Source information:
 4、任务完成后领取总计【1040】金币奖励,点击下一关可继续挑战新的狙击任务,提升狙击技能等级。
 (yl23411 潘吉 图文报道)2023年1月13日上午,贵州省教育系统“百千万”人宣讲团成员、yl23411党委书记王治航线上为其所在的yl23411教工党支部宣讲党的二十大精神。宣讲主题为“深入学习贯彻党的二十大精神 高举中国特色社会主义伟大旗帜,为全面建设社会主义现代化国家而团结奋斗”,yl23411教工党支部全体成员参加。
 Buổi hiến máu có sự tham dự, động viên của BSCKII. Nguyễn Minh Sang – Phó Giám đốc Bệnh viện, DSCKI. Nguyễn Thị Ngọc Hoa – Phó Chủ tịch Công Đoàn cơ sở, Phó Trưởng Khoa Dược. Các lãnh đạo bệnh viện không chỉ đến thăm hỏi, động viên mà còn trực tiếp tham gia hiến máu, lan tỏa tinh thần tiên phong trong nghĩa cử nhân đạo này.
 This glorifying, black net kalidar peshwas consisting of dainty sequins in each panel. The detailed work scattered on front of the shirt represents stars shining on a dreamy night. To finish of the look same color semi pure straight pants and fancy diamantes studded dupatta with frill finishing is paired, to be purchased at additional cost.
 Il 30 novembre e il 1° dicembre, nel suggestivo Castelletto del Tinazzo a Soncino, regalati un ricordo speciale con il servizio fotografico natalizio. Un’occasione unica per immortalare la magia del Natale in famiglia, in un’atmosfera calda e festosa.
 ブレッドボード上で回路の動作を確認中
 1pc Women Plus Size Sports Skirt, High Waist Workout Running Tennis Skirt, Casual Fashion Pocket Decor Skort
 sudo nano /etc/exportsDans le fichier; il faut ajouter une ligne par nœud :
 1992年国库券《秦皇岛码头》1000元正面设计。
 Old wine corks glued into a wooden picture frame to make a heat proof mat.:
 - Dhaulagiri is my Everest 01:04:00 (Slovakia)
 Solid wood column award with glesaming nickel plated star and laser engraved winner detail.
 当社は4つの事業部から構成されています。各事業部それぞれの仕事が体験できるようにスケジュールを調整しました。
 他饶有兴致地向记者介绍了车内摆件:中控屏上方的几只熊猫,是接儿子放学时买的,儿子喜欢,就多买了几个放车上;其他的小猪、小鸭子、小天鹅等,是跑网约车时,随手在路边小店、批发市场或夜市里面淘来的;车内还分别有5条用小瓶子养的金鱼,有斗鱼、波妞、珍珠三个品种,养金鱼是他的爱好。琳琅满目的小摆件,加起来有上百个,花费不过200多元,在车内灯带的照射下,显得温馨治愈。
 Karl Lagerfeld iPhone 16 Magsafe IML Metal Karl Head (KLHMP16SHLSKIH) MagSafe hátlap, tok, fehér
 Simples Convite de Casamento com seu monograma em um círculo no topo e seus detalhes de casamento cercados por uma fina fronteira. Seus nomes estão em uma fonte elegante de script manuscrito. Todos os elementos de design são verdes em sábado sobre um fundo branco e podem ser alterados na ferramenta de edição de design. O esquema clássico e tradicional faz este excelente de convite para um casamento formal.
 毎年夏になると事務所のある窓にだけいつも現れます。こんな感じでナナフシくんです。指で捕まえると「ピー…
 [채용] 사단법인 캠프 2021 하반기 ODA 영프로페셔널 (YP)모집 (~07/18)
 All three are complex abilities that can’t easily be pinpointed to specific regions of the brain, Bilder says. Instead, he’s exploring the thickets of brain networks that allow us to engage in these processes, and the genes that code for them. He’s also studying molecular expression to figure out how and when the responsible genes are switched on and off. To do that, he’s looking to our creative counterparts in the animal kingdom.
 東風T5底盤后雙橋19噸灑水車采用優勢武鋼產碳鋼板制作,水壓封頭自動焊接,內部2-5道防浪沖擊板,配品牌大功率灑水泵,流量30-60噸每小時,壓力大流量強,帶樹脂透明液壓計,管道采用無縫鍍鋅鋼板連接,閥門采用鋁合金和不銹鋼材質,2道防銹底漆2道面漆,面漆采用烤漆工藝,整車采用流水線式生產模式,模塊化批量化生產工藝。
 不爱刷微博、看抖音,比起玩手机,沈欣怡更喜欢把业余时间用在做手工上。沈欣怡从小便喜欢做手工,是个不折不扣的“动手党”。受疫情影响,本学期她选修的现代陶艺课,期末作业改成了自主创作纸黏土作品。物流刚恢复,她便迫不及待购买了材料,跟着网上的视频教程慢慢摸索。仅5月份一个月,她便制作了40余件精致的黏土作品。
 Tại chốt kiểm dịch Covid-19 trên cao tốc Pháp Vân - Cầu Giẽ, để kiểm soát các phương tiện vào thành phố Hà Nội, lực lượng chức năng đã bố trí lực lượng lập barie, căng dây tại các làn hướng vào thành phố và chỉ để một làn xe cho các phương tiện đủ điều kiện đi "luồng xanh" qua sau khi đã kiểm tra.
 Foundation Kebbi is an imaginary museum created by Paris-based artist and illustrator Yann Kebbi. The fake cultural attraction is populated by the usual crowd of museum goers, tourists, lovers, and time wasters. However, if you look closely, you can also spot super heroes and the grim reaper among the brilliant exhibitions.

Aim of the exercise: Your task is to transcribe the material exactly.

Answer:
 4、任务完成后领取总计【1040】金币奖励,点击下一关可继续挑战新的狙击任务,提升狙击技能等级。
 (yl23411 潘吉 图文报道)2023年1月13日上午,贵州省教育系统“百千万”人宣讲团成员、yl23411党委书记王治航线上为其所在的yl23411教工党支部宣讲党的二十大精神。宣讲主题为“深入学习贯彻党的二十大精神 高举中国特色社会主义伟大旗帜,为全面建设社会主义现代化国家而团结奋斗”,yl23411教工党支部全体成员参加。
 Buổi hiến máu có sự tham dự, động viên của BSCKII. Nguyễn Minh Sang – Phó Giám đốc Bệnh viện, DSCKI. Nguyễn Thị Ngọc Hoa – Phó Chủ tịch Công Đoàn cơ sở, Phó Trưởng Khoa Dược. Các lãnh đạo bệnh viện không chỉ đến thăm hỏi, động viên mà còn trực tiếp tham gia hiến máu, lan tỏa tinh thần tiên phong trong nghĩa cử nhân đạo này.
 This glorifying, black net kalidar peshwas consisting of dainty sequins in each panel. The detailed work scattered on front of the shirt represents stars shining on a dreamy night. To finish of the look same color semi pure straight pants and fancy diamantes studded dupatta with frill finishing is paired, to be purchased at additional cost.
 Il 30 novembre e il 1° dicembre, nel suggestivo Castelletto del Tinazzo a Soncino, regalati un ricordo speciale con il servizio fotografico natalizio. Un’occasione unica per immortalare la magia del Natale in famiglia, in un’atmosfera calda e festosa.
 ブレッドボード上で回路の動作を確認中
 1pc Women Plus Size Sports Skirt, High Waist Workout Running Tennis Skirt, Casual Fashion Pocket Decor Skort
 sudo nano /etc/exportsDans le fichier; il faut ajouter une ligne par nœud :
 1992年国库券《秦皇岛码头》1000元正面设计。
 Old wine corks glued into a wooden picture frame to make a heat proof mat.:
 - Dhaulagiri is my Everest 01:04:00 (Slovakia)
 Solid wood column award with glesaming nickel plated star and laser engraved winner detail.
 当社は4つの事業部から構成されています。各事業部それぞれの仕事が体験できるようにスケジュールを調整しました。
 他饶有兴致地向记者介绍了车内摆件:中控屏上方的几只熊猫,是接儿子放学时买的,儿子喜欢,就多买了几个放车上;其他的小猪、小鸭子、小天鹅等,是跑网约车时,随手在路边小店、批发市场或夜市里面淘来的;车内还分别有5条用小瓶子养的金鱼,有斗鱼、波妞、珍珠三个品种,养金鱼是他的爱好。琳琅满目的小摆件,加起来有上百个,花费不过200多元,在车内灯带的照射下,显得温馨治愈。
 Karl Lagerfeld iPhone 16 Magsafe IML Metal Karl Head (KLHMP16SHLSKIH) MagSafe hátlap, tok, fehér
 Simples Convite de Casamento com seu monograma em um círculo no topo e seus detalhes de casamento cercados por uma fina fronteira. Seus nomes estão em uma fonte elegante de script manuscrito. Todos os elementos de design são verdes em sábado sobre um fundo branco e podem ser alterados na ferramenta de edição de design. O esquema clássico e tradicional faz este excelente de convite para um casamento formal.
 毎年夏になると事務所のある窓にだけいつも現れます。こんな感じでナナフシくんです。指で捕まえると「ピー…
 [채용] 사단법인 캠프 2021 하반기 ODA 영프로페셔널 (YP)모집 (~07/18)
 All three are complex abilities that can’t easily be pinpointed to specific regions of the brain, Bilder says. Instead, he’s exploring the thickets of brain networks that allow us to engage in these processes, and the genes that code for them. He’s also studying molecular expression to figure out how and when the responsible genes are switched on and off. To do that, he’s looking to our creative counterparts in the animal kingdom.
 東風T5底盤后雙橋19噸灑水車采用優勢武鋼產碳鋼板制作,水壓封頭自動焊接,內部2-5道防浪沖擊板,配品牌大功率灑水泵,流量30-60噸每小時,壓力大流量強,帶樹脂透明液壓計,管道采用無縫鍍鋅鋼板連接,閥門采用鋁合金和不銹鋼材質,2道防銹底漆2道面漆,面漆采用烤漆工藝,整車采用流水線式生產模式,模塊化批量化生產工藝。
 不爱刷微博、看抖音,比起玩手机,沈欣怡更喜欢把业余时间用在做手工上。沈欣怡从小便喜欢做手工,是个不折不扣的“动手党”。受疫情影响,本学期她选修的现代陶艺课,期末作业改成了自主创作纸黏土作品。物流刚恢复,她便迫不及待购买了材料,跟着网上的视频教程慢慢摸索。仅5月份一个月,她便制作了40余件精致的黏土作品。
 Tại chốt kiểm dịch Covid-19 trên cao tốc Pháp Vân - Cầu Giẽ, để kiểm soát các phương tiện vào thành phố Hà Nội, lực lượng chức năng đã bố trí lực lượng lập barie, căng dây tại các làn hướng vào thành phố và chỉ để một làn xe cho các phương tiện đủ điều kiện đi "luồng xanh" qua sau khi đã kiểm tra.
 Foundation Kebbi is an imaginary museum created by Paris-based artist and illustrator Yann Kebbi. The fake cultural attraction is populated by the usual crowd of museum goers, tourists, lovers, and time wasters. However, if you look closely, you can also spot super heroes and the grim reaper among the brilliant exhibitions.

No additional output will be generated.